Interaction analysis

We investigated multiplicative and additive interactions. Multiplicative interaction was evaluated by performing a likelihood ratio test from the fitting of the logistic regression models both with and without the interaction term. Additive interaction between abdominal obesity and dichotomized PRS was assessed by RERI. Particularly, we dichotomized PRS at the median of the PRS and compared individuals above or equal to the median to those below the median.
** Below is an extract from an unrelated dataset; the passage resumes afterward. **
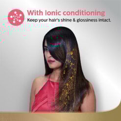 Charged negative ions eliminate static, condition the hair and smooth down the hair cuticles to intensify the hair’s shine and glossiness. The result is smooth, frizz-free hair with vibrant shine.

RERI is expressed using the following formula: RERI = RR11 − RR01 − RR10 + 1, where RR is the relative risk; the reference group consisted of individuals with lower 50% of the T2D genetic risk and without abdominal obesity; RR01 represented individuals with lower 50% of T2D genetic risk and with abdominal obesity; RR10 represented individuals with upper 50% of T2D genetic risk and without abdominal obesity; and RR11 represented individuals with upper 50% of T2D genetic risk and with abdominal obesity.